Different sampling strategies yield different microbial communities
The sampling strategies compared in this study (homogenizing tissue before subsampling and homogenizing tissue after subsampling) are common methods found in the literature for characterizing plant-associated microbial communities14,23,26,29. Procrustes analyses and community overlap between sampling strategies demonstrated that different strategies can capture disparate microbial communities within plants, with the extent of these differences depending on the community targeted and plant tissue type sampled. In FFE as well as bacterial and non-AM fungal communities in roots, subsamples from the same plant resulted in completely different sets of species recovered, illustrating the severe undersampling that is inherent to each of these strategies. With these sampling strategies, we are undoubtedly sacrificing power and accuracy to characterize the subtler aspects of plant microbiome interactions, despite often seeing community differences across landscapes, treatments or seasons.
Richness was higher when homogenizing before subsampling for bacteria only, despite differences observed in composition for all groups. It is perhaps surprising that homogenizing plant tissues before subsampling did not recover more species than homogenizing after subsampling for fungi as well, because with the former approach, more plant tissue is initially represented. Indeed, a previous study showed that sample pooling or homogenizing before subsampling resulted in a higher richness of soil fungi compared to equally sized individual samples50. In Song et al. (2015)50 they also found that multiple individual subsamples, rather than the single homogenized subsample, resulted in higher richness. This may suggest that the scale at which we are physically able to break down the particle size of plant tissues, as opposed to soil, is not always fine enough to sufficiently homogenize the fungi within. Because of this, plant-associated microbial communities may require a greater sampling effort than soil microbes. Additionally, the removal of low-abundant SVs did not result in differences in richness between the two sampling strategies for any microbial group, suggesting that neither strategy is better at capturing rare species. Although this study was performed only on milkweed plants, we believe that these results are applicable to other plant species as well. The richness reported here is similar to other studies of plant-associated microbes (e.g.51,52), indicating that differences in subsamples were not due to extreme richness of milkweed-associated microbes.
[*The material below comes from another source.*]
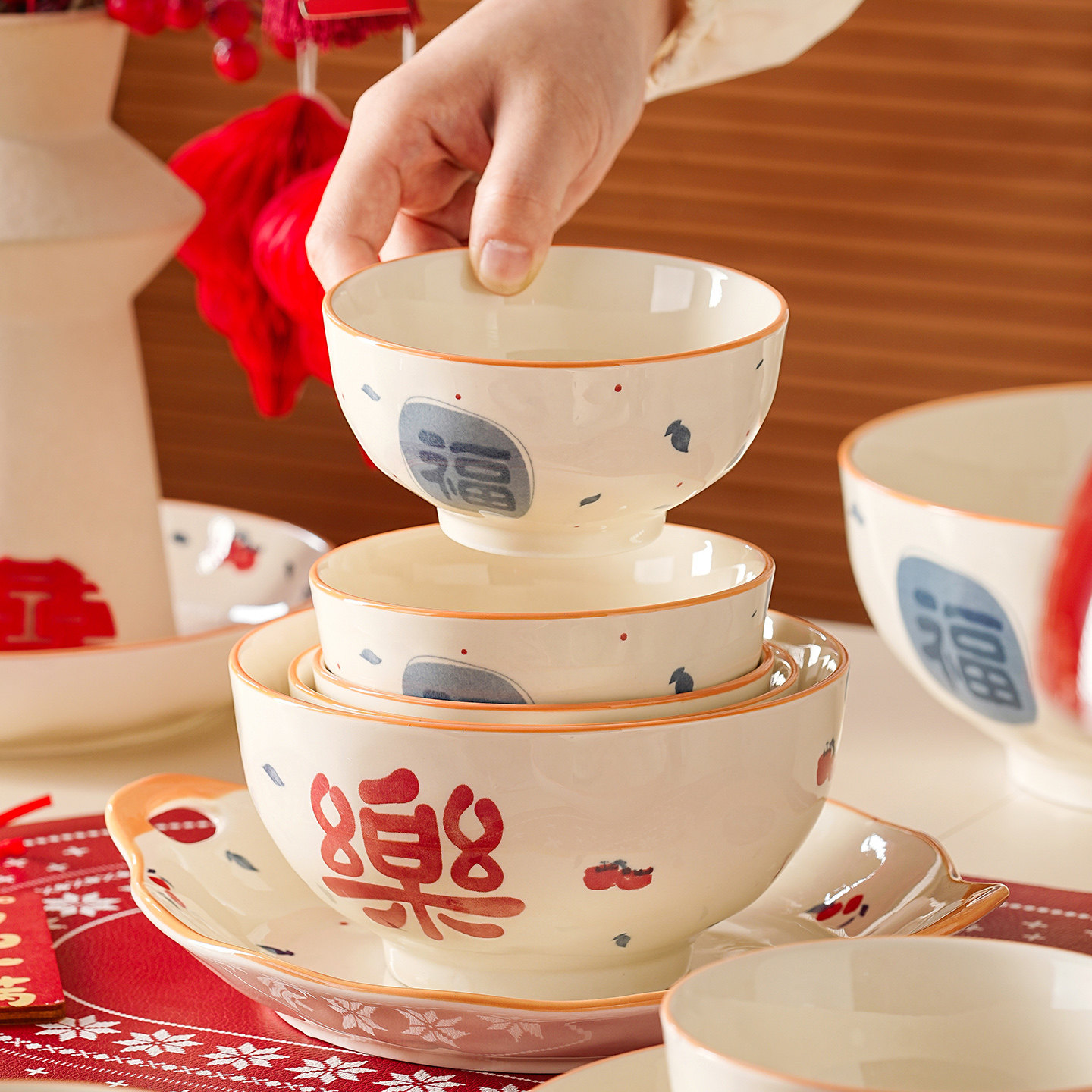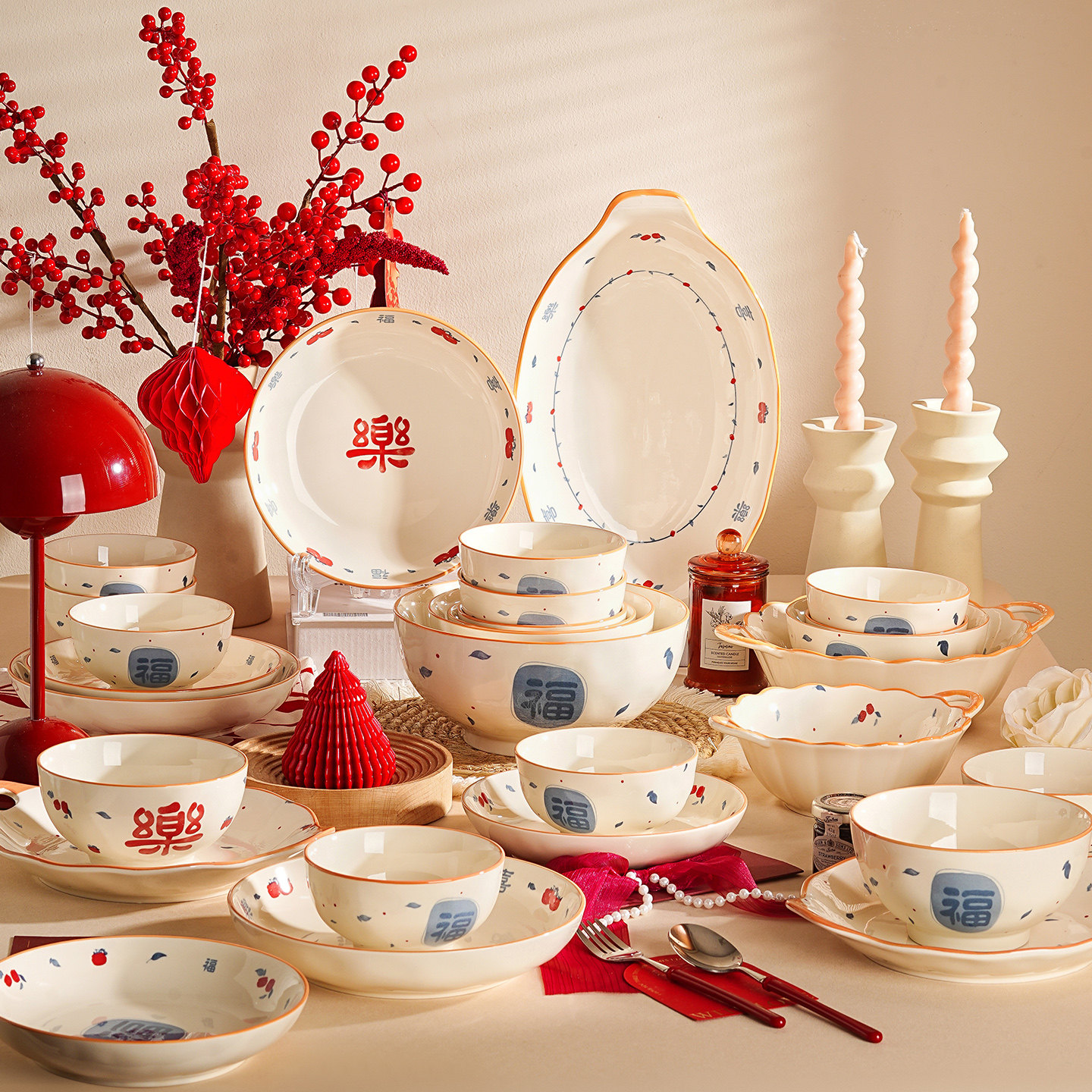 碗碟套装家用2026新款陶瓷碗筷喜庆中式釉下彩餐具新婚礼物送新娘

Microbial diversity should inform sampling effort
The higher congruency that we saw between sampling strategies for AMF compared to other microbial communities may be due to the differences in their local and global estimated richness. While the global number of AMF species has been estimated in the hundreds to low thousands42,53, global estimates of fungal species in general range in the millions54,55. A recent global estimate of bacterial richness suggests similar scales56. In this study specifically, AMF had the lowest total SV richness and the greatest similarity between sampling strategies, while foliar fungal endophytes had the highest SV richness, and the lowest overlap of SVs between strategies. Since the amount of tissue sampled was equal for all microbial communities, the sampling effort was likely much higher for AMF (relative to the whole AMF community), than it was for bacteria and non-AM fungi. Consequently, with each sample we are likely sampling a much larger proportion of true AMF species richness.
Even though the estimated total community richness was highest for foliar fungi, the average estimated richness per individual plant was highest for AMF. This suggests that similar AMF SVs re-occurred across all plants with low species turnover. On the other hand, fungi in leaves had lower average richness per plant (Fig. 4, Supplementary Fig. S3), but the highest total richness, meaning that there was higher turnover of FFE species among plants sampled. These results may be a direct reflection of the overall community richness of the different microbial groups as well as their ability to spread and co-occur within plants. Based on these patterns, more individual plants and a greater sampling effort within individuals are likely needed to characterize FFE communities compared to AMF communities.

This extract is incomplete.